The convertible data and their corresponding external format are shown in the table below:

.. list-table::
    :header-rows: 1
    :widths: 1, 2

    * - Convertible Data
      - External Format
    * - SPD (SAMPO Process Description)
      - Same as SPD input file format.
        See the :ref:`SPD File Specification <spd>`.
    * - SRC (SAMPO Run Configuration)
      - Same as SRC input file format.
        See the :ref:`SRC File Specification <src>`.
    * - ASD (Attributes Schema Description)
      - Same as ASD input file format.
        See the :ref:`ASD File Specification <asd>`.
        The attributes in the ASD are component-specific. See component specification.
    * - Attribute metadata
      - See :ref:`Attribute Metadata File Specification <attribute-metadata>`
    * - Selected attributes
      - See :ref:`Selected Attributes File Specification<selected-attributes>`
    * - Model
      - A component-specific format.

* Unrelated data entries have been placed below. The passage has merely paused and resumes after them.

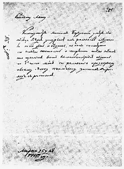 15 Maggio 1771. Illustrimo Signor Principe e Accademici filarmonici [...] Massimo Beresovskoy detto Russo desiderando di essere aggregato in gualetà di Compositore e Maestro di Capella dell’Accademia Celeberrima de filarmonici, suplica in Signor Principe, et Accademia de filarmonici di ameterlo all esperimento, ad aggregazione dell’Accademia. Che della grazia qua deus.15 de mayo de 1771: Venerable Señor Presidente y Profesores de la Academia [...] Maksim Berezovski, apodado El Ruso, deseando ser admitido en las filas de compositores y maestros de capilla de la más famosa Academia Filarmónica, solicita al Señor Presidente y a los miembros de la Academia Filarmónica que lo admita al examen de admisión a la Academia. A la gloria del Señor.Maxim Berezovski[28]
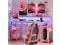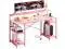 Bestier 55" Gaming Desk with LED Light & Monitor Stand Computer Desk Corner Desk for Home Office Pink Carbon Fiber 3 Outlets 2 USBs
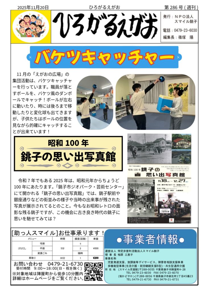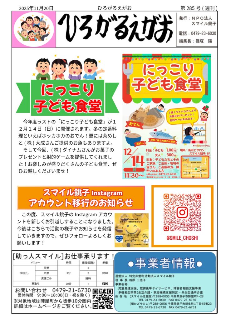 「ひろがるえがお」285、286号 投稿日: 2025年11月20日2025年11月19日 投稿者: スマイル銚子 瓦版「ひろがるえがお」285、286号です!ご一読くださ〜い! ⚫︎285号 にっこり子ども食堂 Instagramアカウント移行のお知らせ ⚫︎286号 バケツキャッチャー 銚子の思い出写真館
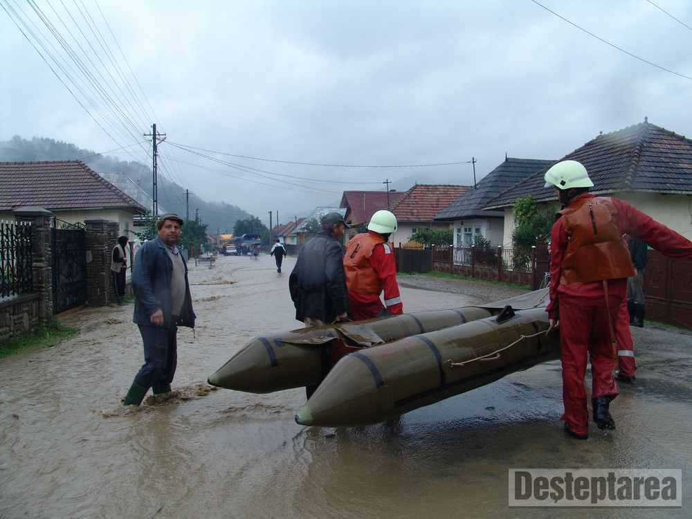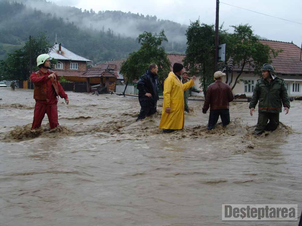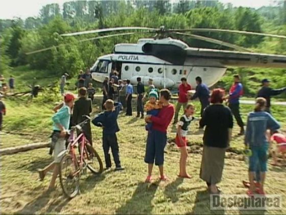 „Potopul s-a abătut peste tot județul. În câteva ore, întreaga vale a Trotușului a fost înghițită de ape. Urgia a coborât pe pământ. Zeci de case sunt inundate instantaneu. Imagini de coșmar. Plouă încontinuu, iar norii plumburii se dezlănțuie din ce în ce mai tare. Dărmăneștiul e și el sub ape. Doi oameni sunt surprinși de viitură în timp ce încărcau prundiș într-o basculantă. Mâinile bat apa. Se ridică spre cer, odată cu strigătele de ajutor. Disperare. Salvarea ia forma cabinei mașinii înghițită parțial de ape. Cei doi sunt departe de a fi salvați. Apa vine, vine mereu. Nu reușește însă să le acopere țipetele disperate. Sunt auziți de pe mal de câțiva săteni. Cum să-i poți salva? Debitul râului crește. La fel crește și panica. Este ora 12.00. Fiecare clipă e una de coșmar, iar secundele trec greu. Se transformă în minute. Minutele în ore. Salvarea nu vine de pe pământ. Vine din ceruri. Elicopterul Unității Speciale de Aviație își face apariția în jur de ora 18.00. Aparține Ministerului Administrației și Internelor și sosește tocmai de la București. Echipajul este coordonat de generalul Nicolae Rugină, comandantul Centrului Teritorial de Jandarmi. Furia apelor este greu de învins; elicopterul face o groază de manevre. În zadar. Încă o încercare. Și încă una. În sfârșit! Un membru al echipei de intervenție reușește să ajungă la cei doi sinistrați, care sunt legați cu o frânghie și smulși din mijlocul prăpădului. Tocmai la timp! Apele învolburate înghit mașina. Elicopterul aterizează pe stadionul din Comănești, iar cei doi bărbați sunt preluați de Salvare.”
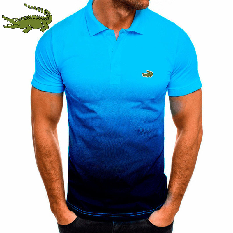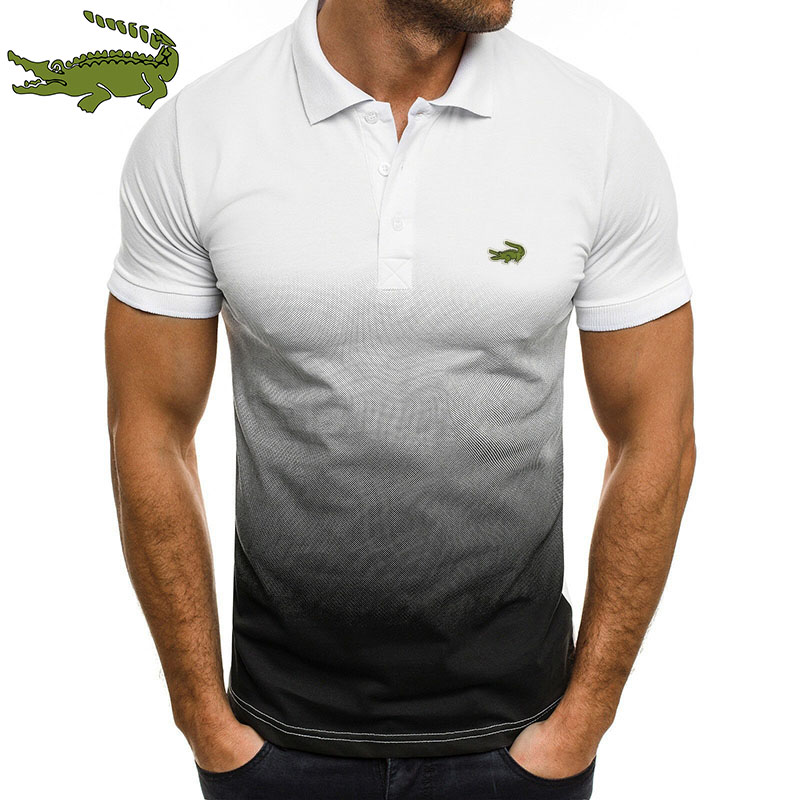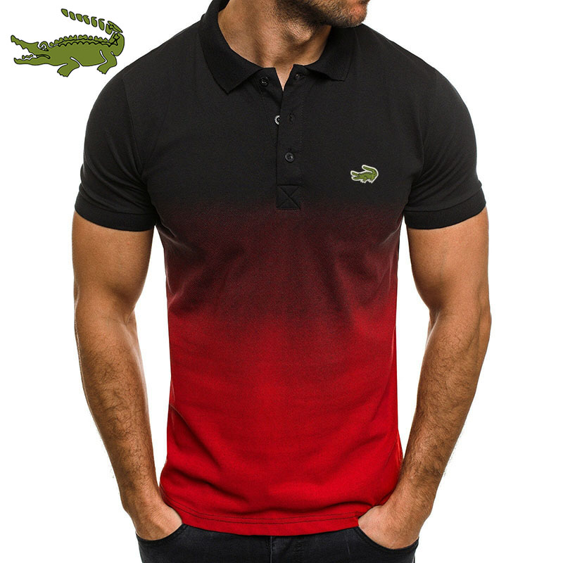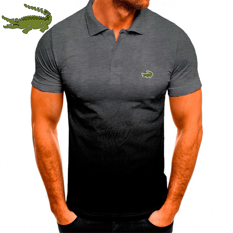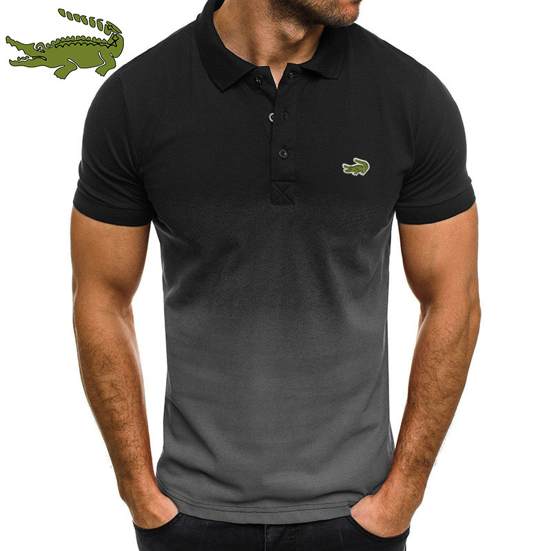 High Men's cotton printed polo shirt spring, summer and autumn business leisure high Lapel shirt
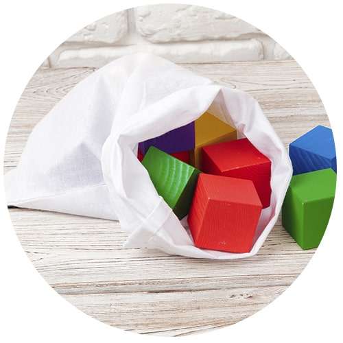 - Bolsa misteriosa, bolsa de tela bonita donde se introducen pequeños objetos para sorprender al niño.
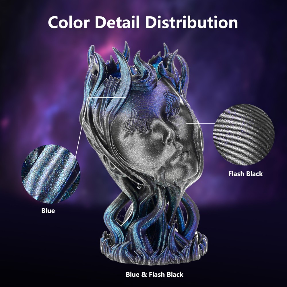 Dá vida às tuas impressões com cores vibrantes tipo arco-íris, com mudanças rápidas de cor a cada 5 a 8 metros, criando um efeito dinâmico e visualmente impactante.
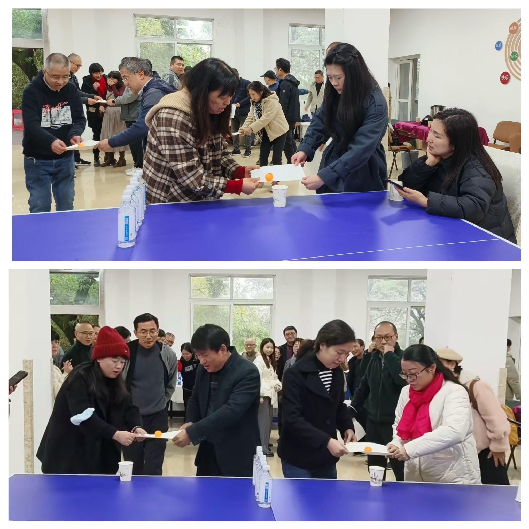 首先进行的是“A4纸运乒乓球”,比赛采用接力方式,团队两人一组,用A4纸将乒乓球运送到指定位置后返回将纸和乒乓球交给下一对队员,运送过程中纸要保持平坦,直至全部队员完成计时结束,用时越少积分越高。随着裁判员一声令下,两位老师小心翼翼用A4纸抬着乒乓球走向终点,由于纸不能折叠,要将乒乓球倒入纸杯里不容易,有时候4、5次都倒不进去,为了抓跑掉的乒乓,甚至把球桌都推动了,引得阵阵爆笑,欢乐的氛围弥漫在大厅。
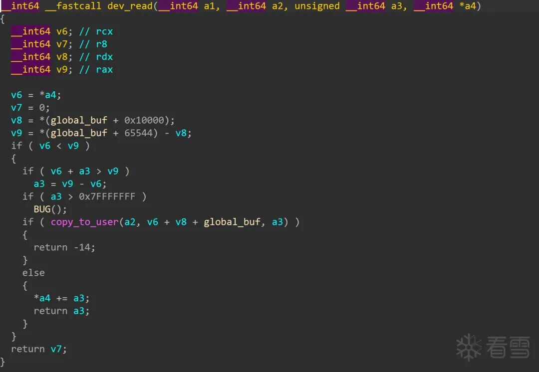 当v4 + a3 > 0x10000时,驱动试图通过v6 = -*a4截断写入长度,但由于v6为无符号整型,该赋值触发了 signed 到 unsigned 的隐式转换,导致v6变成一个极大的正数。
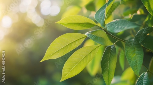 Soft green leaves gently illuminated by sunlight with a blurred natural background creating a tranquil botanical atmosphere.
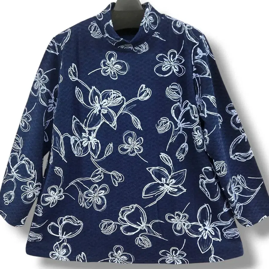 손그림 페인팅 꽃무늬 네이비 튜닉 하이넥 플라워
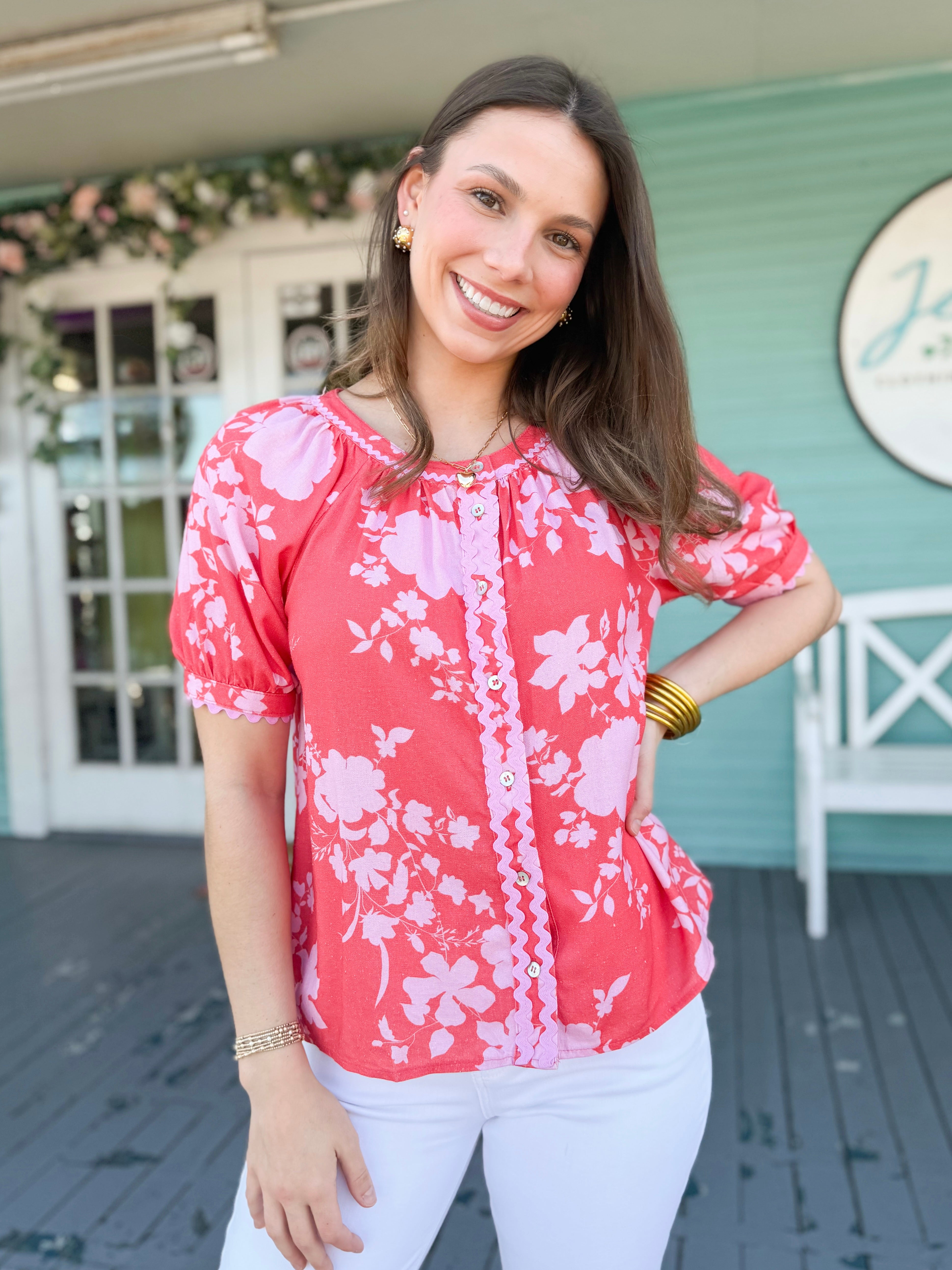 This pink and red blouse is elevated with bold ric-rac accents and a classic button-down front. The short sleeves keep it light and versatile—perfect for pairing with denim, white trousers, or a flirty skirt.

See each component specification.
    * - Component output data
      - Same as SAMPO CSV input file format.
        See the :doc:`SAMPO CSV File Specification <../../../input/csv>`.
        The attributes in the output data are component-specific. See component specification.
    * - Prediction result evaluation
      - A component-specific format. See component specification.

|

Synopsis
========
See sampo_ps command help::

    $ sampo_ps convert --help

|

Examples
========
You can choose to convert only files in a specific process or component, all the convertible files in a process, and so on.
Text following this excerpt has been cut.